Quick Links

Re: BUG #15285: Query used index over field with ICU collation in some cases wrongly return 0 rows

From:	Jehan-Guillaume de Rorthais <jgdr(at)dalibo(dot)com>
To:	Thomas Munro <thomas(dot)munro(at)enterprisedb(dot)com>
Cc:	Peter Geoghegan <pg(at)bowt(dot)ie>, Роман Литовченко <roman(dot)lytovchenko(at)gmail(dot)com>, PostgreSQL mailing lists <pgsql-bugs(at)lists(dot)postgresql(dot)org>
Subject:	Re: BUG #15285: Query used index over field with ICU collation in some cases wrongly return 0 rows
Date:	2020-06-09 22:29:33
Message-ID:	20200610002933.6a6d482b@firost
Views:	Whole Thread \| Raw Message \| Download mbox \| Resend email
Thread:
Lists:	pgsql-bugs

Hello,

I didn't find any other discussion related to this bug, neither on pgsql-bugs
or pgsql-hackers. Hopefully, this is the best thread to give some update.

On Sat, 21 Jul 2018 13:39:12 +1200
Thomas Munro <thomas(dot)munro(at)enterprisedb(dot)com> wrote:

> On Fri, Jul 20, 2018 at 11:26 AM, Peter Geoghegan <pg(at)bowt(dot)ie> wrote:
> > On Thu, Jul 19, 2018 at 9:44 AM, Peter Geoghegan <pg(at)bowt(dot)ie> wrote:
> >> It appears that the main support function 1 routine disagrees with the
> >> CREATE INDEX sort order, which is wrong. I'll try to isolate the
> >> problem a bit further.
> >
> > As far as I can tell, this is an ICU bug. ucol_strcollUTF8() is buggy
> > with this digitslast collation, which ucol_nextSortKeyPart() fails to
> > be bug-compatible with. Other similar customized collations (e.g.
> > 'en-u-kf-upper') work fine. (Ugh, that's familiar in an unpleasant
> > way.)
> >
> > I'm using libicu60. What version are you using, Roman?
> >
> > I tried to find something that matches this on the ICU bug tracker.
> > This might be a match: https://ssl.icu-project.org/trac/ticket/12518
>
> FWIW I see the same result with icu 61.1 and 62.1_1 from FreeBSD ports.

Some colleagues hit this bug as well last week and reported it to me. I can
reproduce this bug with ICU current master branch, version post 67.1.
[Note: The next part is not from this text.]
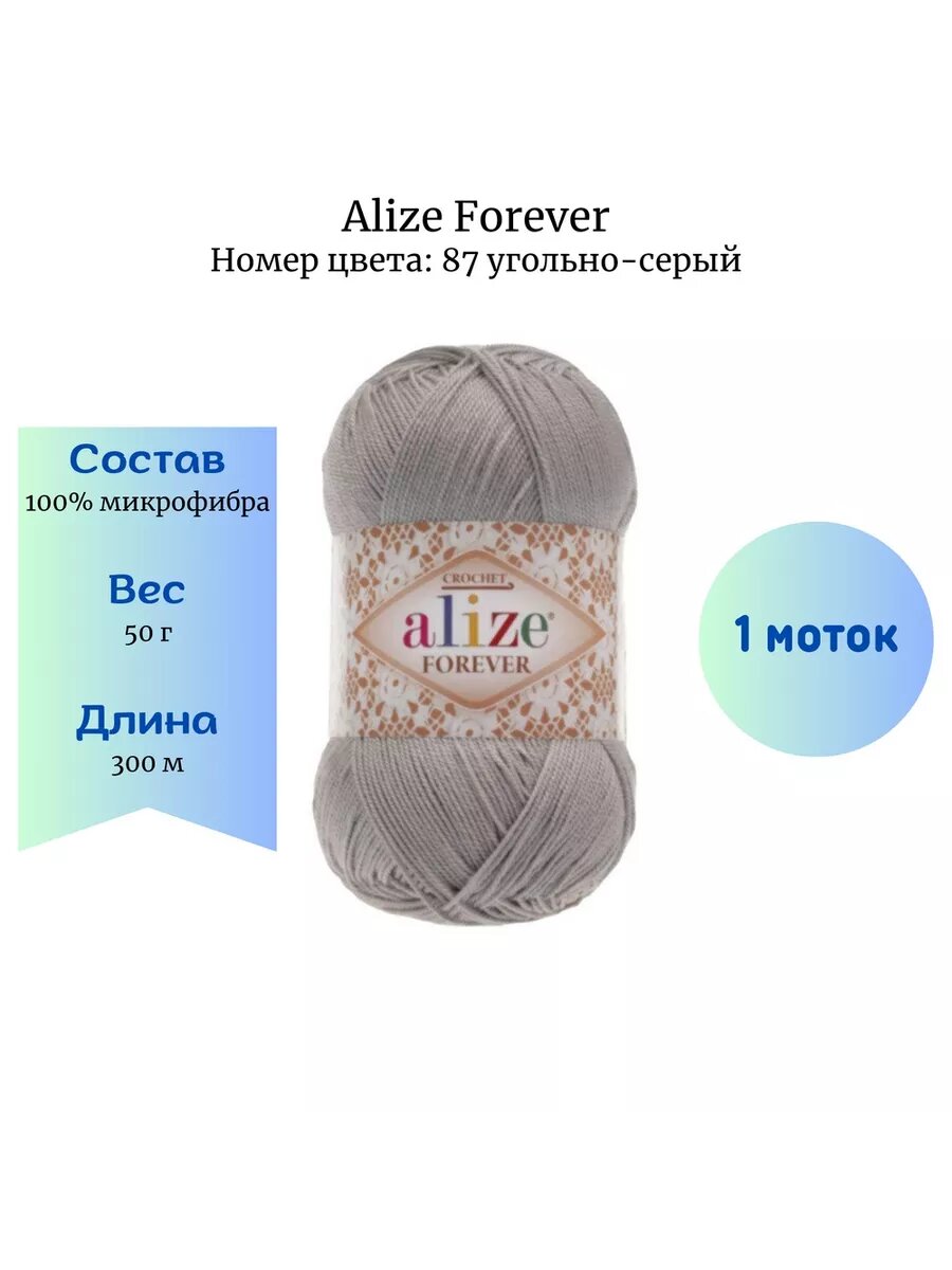10 цен на Пряжа Alize Forever угольно-серый (87), 100%акрил, 300м, 50г, 1шт

I wrote a regression test for icu4c and posted it on ICU-12518. See:
https://unicode-org.atlassian.net/browse/ICU-12518

As Peter wrote, ucol_strcollUTF8 (and ucol_strcoll) functions are affected. A
quick and dirty patch to replace ucol_strcoll* by ucol_getSortKey/strcmp
everywhere fixed the bug for my tests.

After playing with ICU regression tests, I found functions ucol_strcollIter
and ucol_nextSortKeyPart are safe. I'll do some performance tests and report
here.

In the meantime, I've been working on various workarounds. The only one I found
is to use "fr-u-kr-latn-digit-kn" instead of "fr-u-kr-latn-digit".
Unfortunately, the two collations are not equivalent, but I believe it might be
useful in many case.

I've been working on a second workaround: creating a type (a char variant for
our usecase), its operators and opfamily. All operators and function 1 relies
on ucol_getSortKey. Most of the workaround works good but surprisingly, the
sort order is only enforced if the field is in the first position:

* this works: "SORT BY f1 COLLATE digitslast"
* this fails: "SORT BY f2, f1 COLLATE digitslast"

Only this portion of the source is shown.